• Activity: Retype the listing below line for line, but only from the line with "急售!要搬家不方便带走。九成" down to the line with "This train station", inclusive. Pictures stay out.

• Data supplied:
==============================
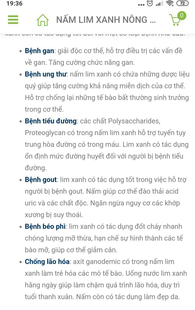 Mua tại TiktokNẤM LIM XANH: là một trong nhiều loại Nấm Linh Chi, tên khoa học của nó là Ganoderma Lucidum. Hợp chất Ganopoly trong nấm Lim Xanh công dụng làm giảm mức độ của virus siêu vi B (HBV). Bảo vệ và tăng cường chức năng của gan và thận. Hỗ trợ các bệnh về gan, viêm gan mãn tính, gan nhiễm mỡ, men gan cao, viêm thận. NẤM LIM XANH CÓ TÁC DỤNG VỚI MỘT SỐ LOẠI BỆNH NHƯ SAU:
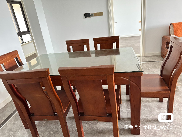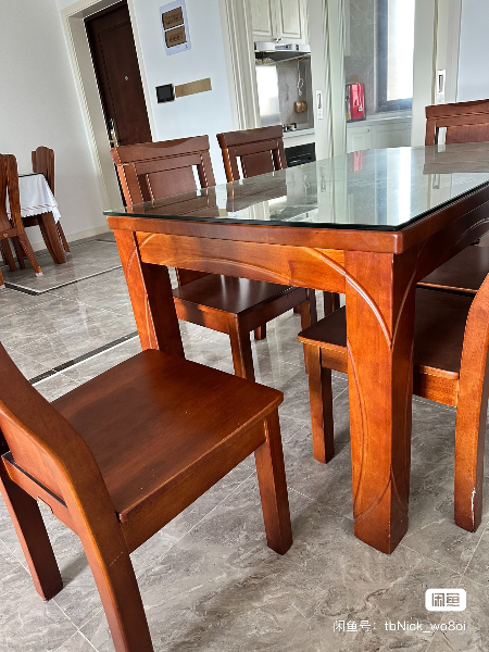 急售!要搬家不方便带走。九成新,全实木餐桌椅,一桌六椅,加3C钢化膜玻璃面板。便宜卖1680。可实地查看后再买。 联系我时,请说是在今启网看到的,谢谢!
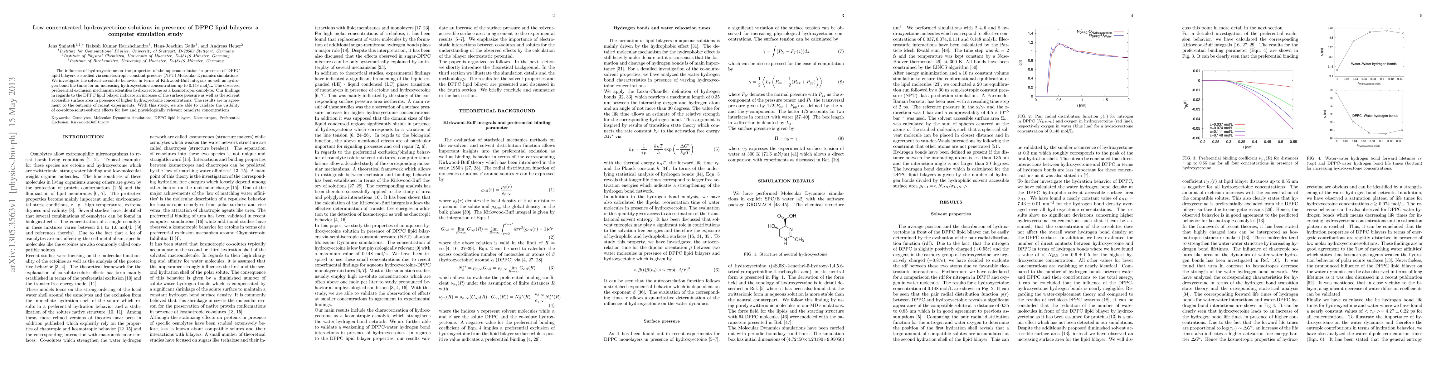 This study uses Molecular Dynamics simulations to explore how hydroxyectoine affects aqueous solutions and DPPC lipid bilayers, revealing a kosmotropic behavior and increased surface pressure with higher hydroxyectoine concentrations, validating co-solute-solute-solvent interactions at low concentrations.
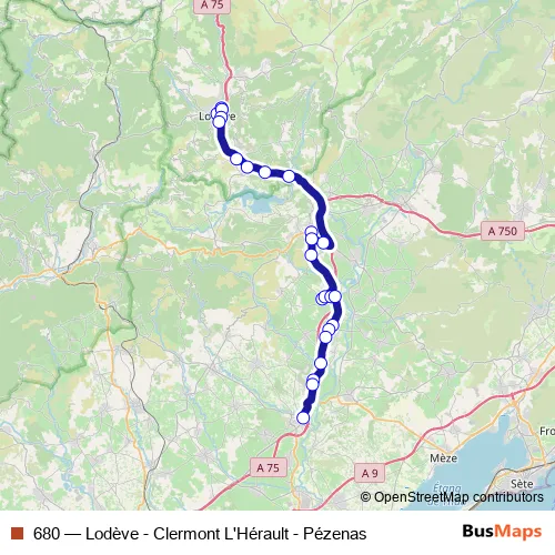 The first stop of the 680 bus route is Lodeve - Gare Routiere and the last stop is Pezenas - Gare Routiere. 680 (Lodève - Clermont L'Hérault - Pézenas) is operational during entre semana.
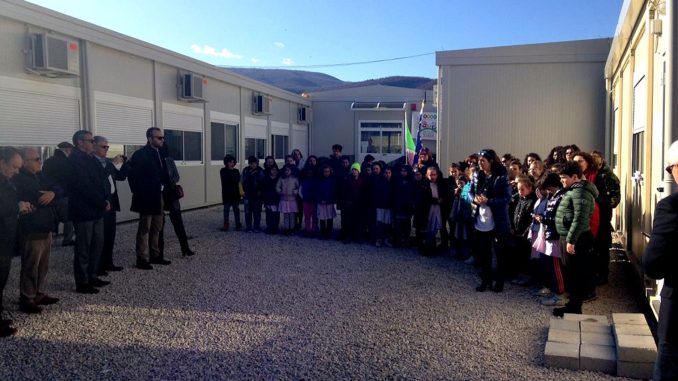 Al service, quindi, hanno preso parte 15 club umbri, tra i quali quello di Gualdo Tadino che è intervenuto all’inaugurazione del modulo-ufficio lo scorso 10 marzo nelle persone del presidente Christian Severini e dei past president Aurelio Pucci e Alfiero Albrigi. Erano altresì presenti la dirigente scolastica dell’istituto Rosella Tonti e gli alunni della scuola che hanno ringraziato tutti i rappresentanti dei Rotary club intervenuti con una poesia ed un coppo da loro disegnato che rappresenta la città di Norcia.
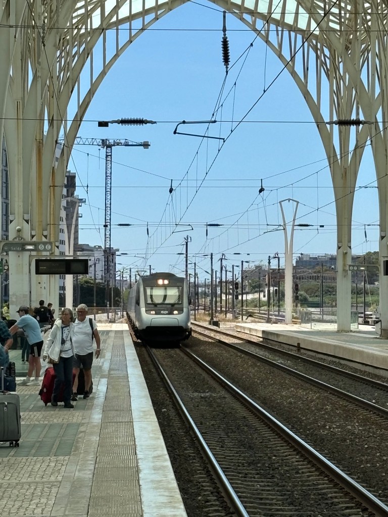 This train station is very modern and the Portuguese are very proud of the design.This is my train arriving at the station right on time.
==============================
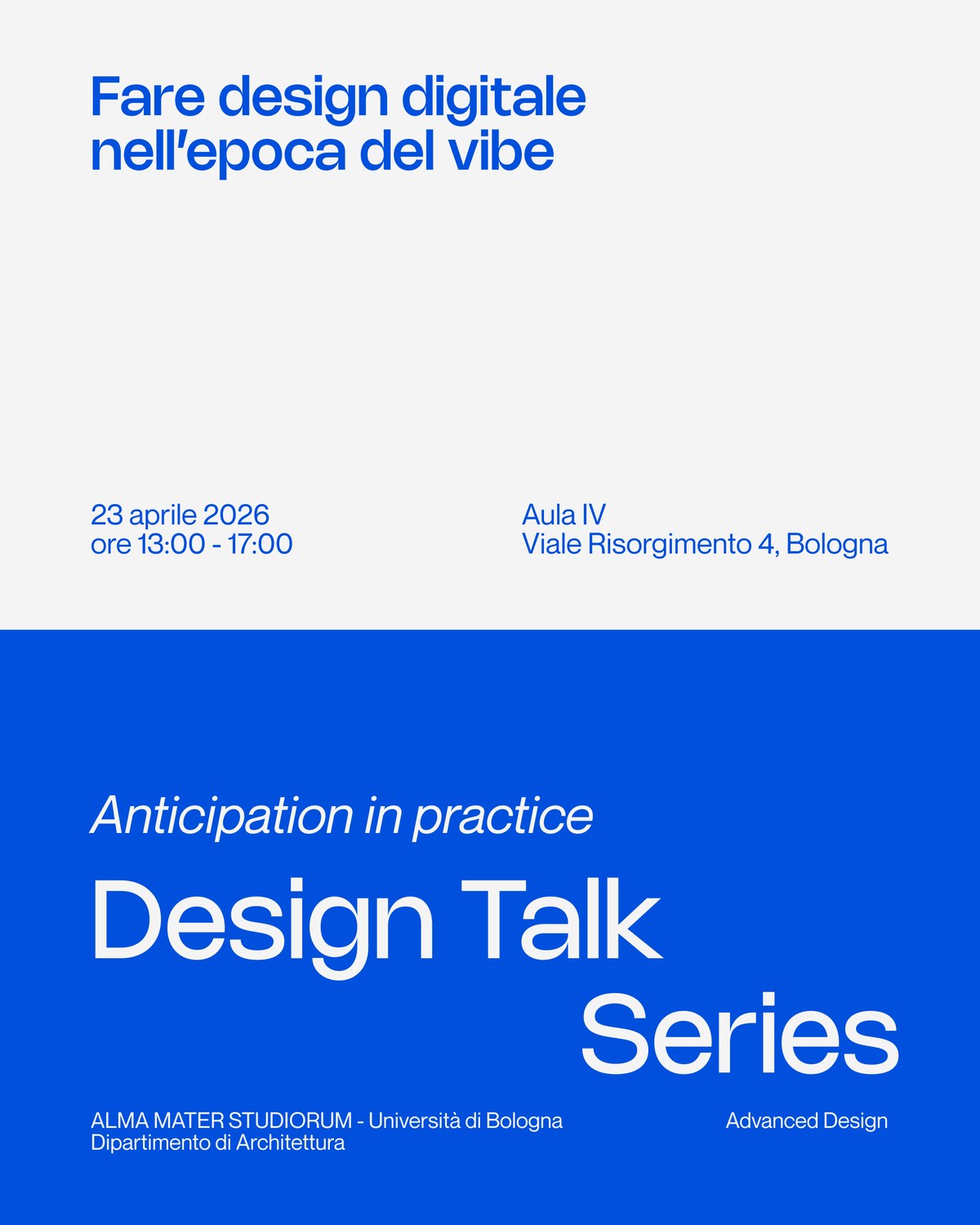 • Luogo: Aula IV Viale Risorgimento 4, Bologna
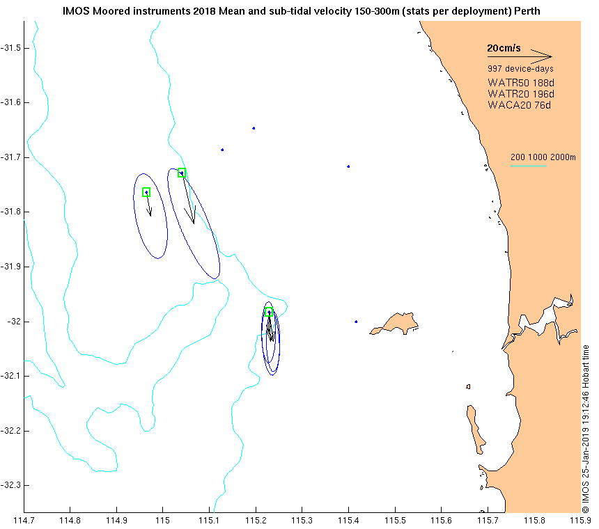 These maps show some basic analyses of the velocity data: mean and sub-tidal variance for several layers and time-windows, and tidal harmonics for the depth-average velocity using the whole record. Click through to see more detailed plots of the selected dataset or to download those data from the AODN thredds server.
==============================
• Exercise response:
 急售!要搬家不方便带走。九成新,全实木餐桌椅,一桌六椅,加3C钢化膜玻璃面板。便宜卖1680。可实地查看后再买。 联系我时,请说是在今启网看到的,谢谢!
 This study uses Molecular Dynamics simulations to explore how hydroxyectoine affects aqueous solutions and DPPC lipid bilayers, revealing a kosmotropic behavior and increased surface pressure with higher hydroxyectoine concentrations, validating co-solute-solute-solvent interactions at low concentrations.
 The first stop of the 680 bus route is Lodeve - Gare Routiere and the last stop is Pezenas - Gare Routiere. 680 (Lodève - Clermont L'Hérault - Pézenas) is operational during entre semana.
 Al service, quindi, hanno preso parte 15 club umbri, tra i quali quello di Gualdo Tadino che è intervenuto all’inaugurazione del modulo-ufficio lo scorso 10 marzo nelle persone del presidente Christian Severini e dei past president Aurelio Pucci e Alfiero Albrigi. Erano altresì presenti la dirigente scolastica dell’istituto Rosella Tonti e gli alunni della scuola che hanno ringraziato tutti i rappresentanti dei Rotary club intervenuti con una poesia ed un coppo da loro disegnato che rappresenta la città di Norcia.
 This train station is very modern and the Portuguese are very proud of the design.This is my train arriving at the station right on time.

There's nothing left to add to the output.